### PROBLEM DESCRIPTION
Only lines, not pictures: please repeat exactly the lines from the one with "- единоразовый спуск" through the end of the listing.

### COLLECTED MATERIAL
>>>

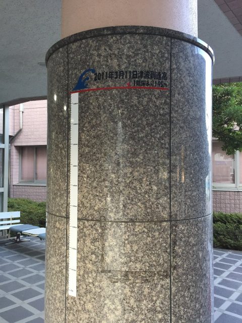 また、高台の病院へ行き門柱に津波の到達ラインが記載されているのを目にしました。
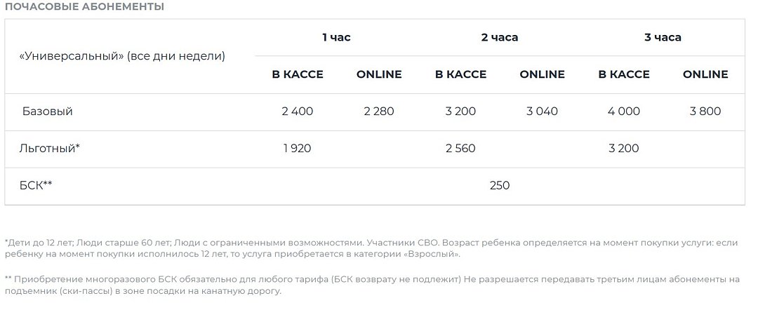 - единоразовый спуск за зиплайне. Пользование троллей парком (Zipline) возможно в зависимости от погодных условий, режима работы троллея, доступности услуги;
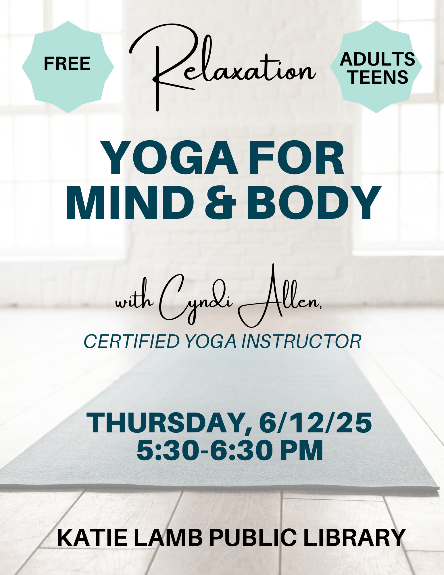 Library Meeting Room 9318 Apison Pike, Collegedale, TN, United StatesLocal community member and Certified Yoga Instructor Cyndi Allen will be leading us through a beginner yoga class focused on relaxation. We will read a passage related to self-care and then she will lead us in some beginning Cyndi currently teaches yoga around the Chattanooga area - including Chattanooga Yoga Center of Ooltewah https://thechattanoogayogacenter.com/. Bring […]
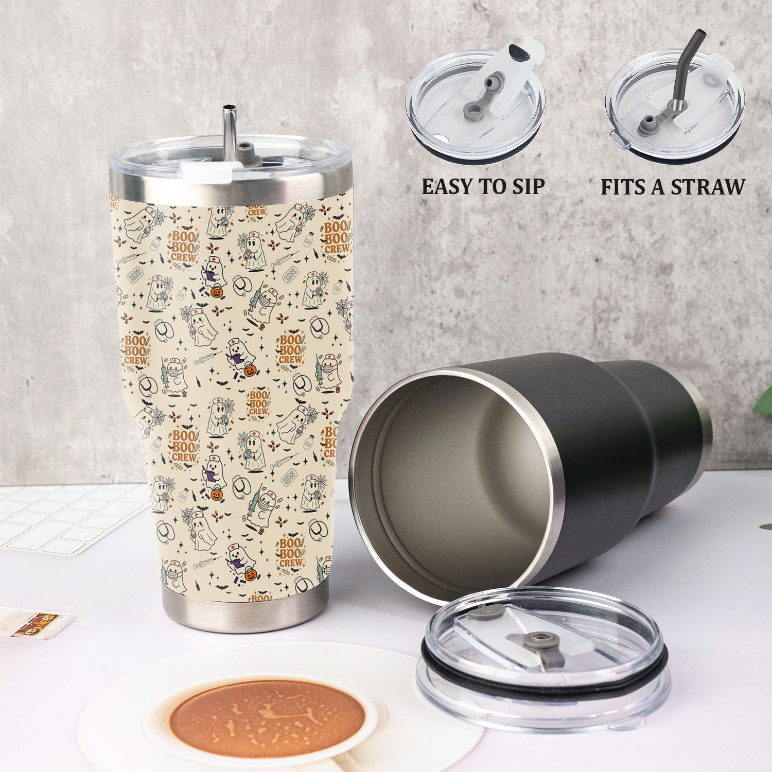 BOO BOO CREW Halloween Nurse Tumbler - Cute Medical Ghost Design Drinkware - Spooky Gift for RN CNA EMT Healthcare Workers

<<<

### RESULT OF THE TASK
 - единоразовый спуск за зиплайне. Пользование троллей парком (Zipline) возможно в зависимости от погодных условий, режима работы троллея, доступности услуги;
 Library Meeting Room 9318 Apison Pike, Collegedale, TN, United StatesLocal community member and Certified Yoga Instructor Cyndi Allen will be leading us through a beginner yoga class focused on relaxation. We will read a passage related to self-care and then she will lead us in some beginning Cyndi currently teaches yoga around the Chattanooga area - including Chattanooga Yoga Center of Ooltewah https://thechattanoogayogacenter.com/. Bring […]
 BOO BOO CREW Halloween Nurse Tumbler - Cute Medical Ghost Design Drinkware - Spooky Gift for RN CNA EMT Healthcare Workers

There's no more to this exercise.